◆ Try it:
Lines from the one with "Roter, grüner und" up to and including the one with "Первый этаж: прихожая, холл, кухня-столовая" are to be copied exactly from the records below, without their pictures.

◆ Provided records:
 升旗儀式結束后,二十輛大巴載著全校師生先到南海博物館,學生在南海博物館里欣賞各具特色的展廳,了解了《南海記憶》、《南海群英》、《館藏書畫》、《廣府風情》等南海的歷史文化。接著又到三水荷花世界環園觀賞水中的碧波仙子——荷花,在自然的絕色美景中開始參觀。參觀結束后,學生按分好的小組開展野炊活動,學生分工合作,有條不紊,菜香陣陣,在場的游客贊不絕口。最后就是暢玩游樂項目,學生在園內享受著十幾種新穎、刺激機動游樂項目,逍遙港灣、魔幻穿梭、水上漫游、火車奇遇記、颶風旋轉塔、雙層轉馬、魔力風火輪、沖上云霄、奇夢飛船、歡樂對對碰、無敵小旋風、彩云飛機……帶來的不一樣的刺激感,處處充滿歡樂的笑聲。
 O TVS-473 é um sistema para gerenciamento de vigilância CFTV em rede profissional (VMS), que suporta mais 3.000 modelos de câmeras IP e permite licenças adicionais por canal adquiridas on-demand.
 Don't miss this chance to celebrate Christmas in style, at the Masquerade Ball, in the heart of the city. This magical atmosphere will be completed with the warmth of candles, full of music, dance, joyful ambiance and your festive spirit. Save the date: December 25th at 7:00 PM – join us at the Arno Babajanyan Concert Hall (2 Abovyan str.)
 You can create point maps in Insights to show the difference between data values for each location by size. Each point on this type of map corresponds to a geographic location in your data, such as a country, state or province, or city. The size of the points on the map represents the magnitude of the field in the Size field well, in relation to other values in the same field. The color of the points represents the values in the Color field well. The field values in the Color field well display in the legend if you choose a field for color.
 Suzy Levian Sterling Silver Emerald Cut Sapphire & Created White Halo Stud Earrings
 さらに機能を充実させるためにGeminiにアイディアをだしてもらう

...

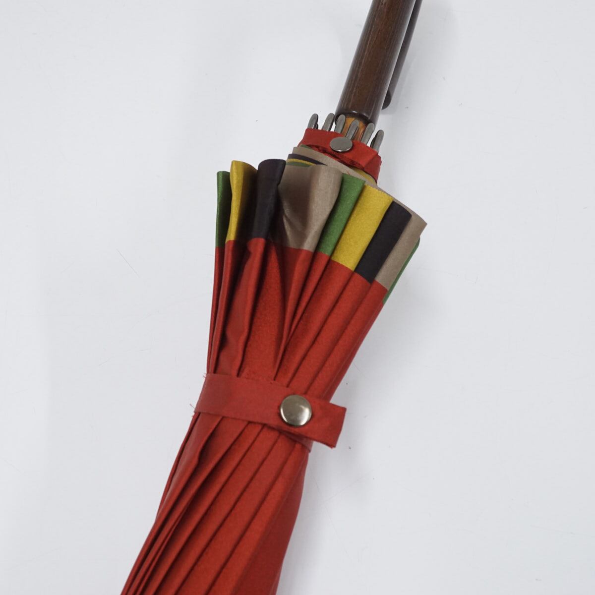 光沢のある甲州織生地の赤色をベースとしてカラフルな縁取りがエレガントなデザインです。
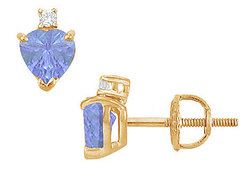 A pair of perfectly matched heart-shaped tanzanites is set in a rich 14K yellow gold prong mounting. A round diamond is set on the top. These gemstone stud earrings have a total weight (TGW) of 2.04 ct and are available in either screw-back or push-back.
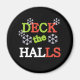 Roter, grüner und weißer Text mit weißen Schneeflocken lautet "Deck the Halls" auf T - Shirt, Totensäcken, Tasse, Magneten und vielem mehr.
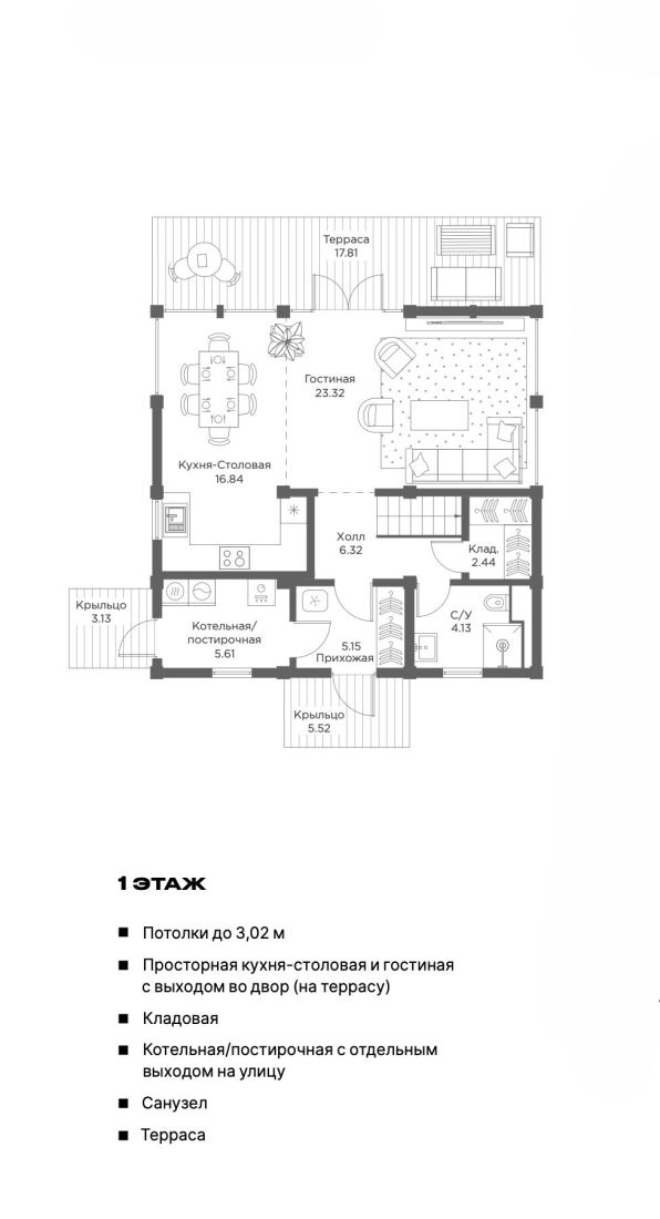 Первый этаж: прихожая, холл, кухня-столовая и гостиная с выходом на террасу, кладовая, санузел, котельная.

...

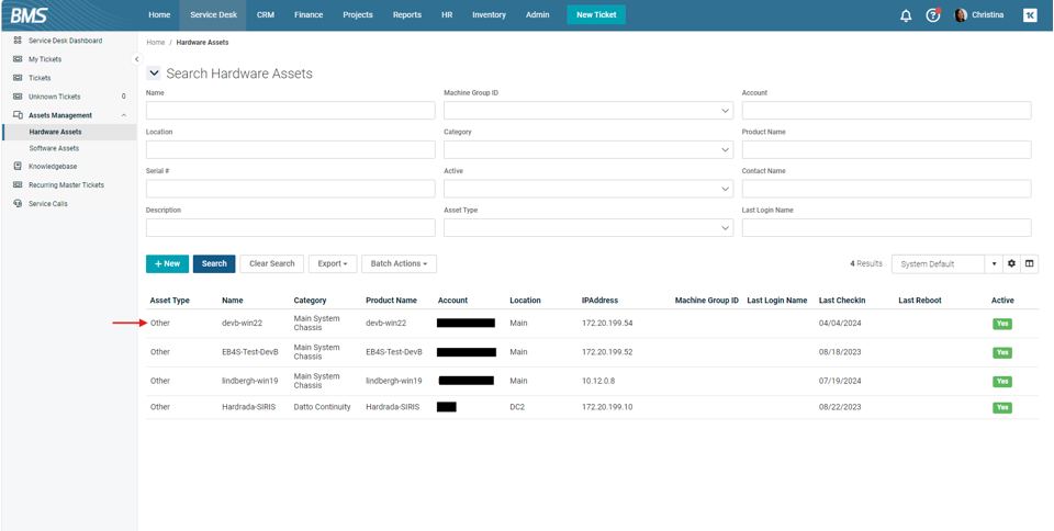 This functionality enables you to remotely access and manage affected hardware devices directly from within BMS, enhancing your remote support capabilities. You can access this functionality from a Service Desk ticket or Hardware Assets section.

◆ Answer to this task:
 Roter, grüner und weißer Text mit weißen Schneeflocken lautet "Deck the Halls" auf T - Shirt, Totensäcken, Tasse, Magneten und vielem mehr.
 Первый этаж: прихожая, холл, кухня-столовая и гостиная с выходом на террасу, кладовая, санузел, котельная.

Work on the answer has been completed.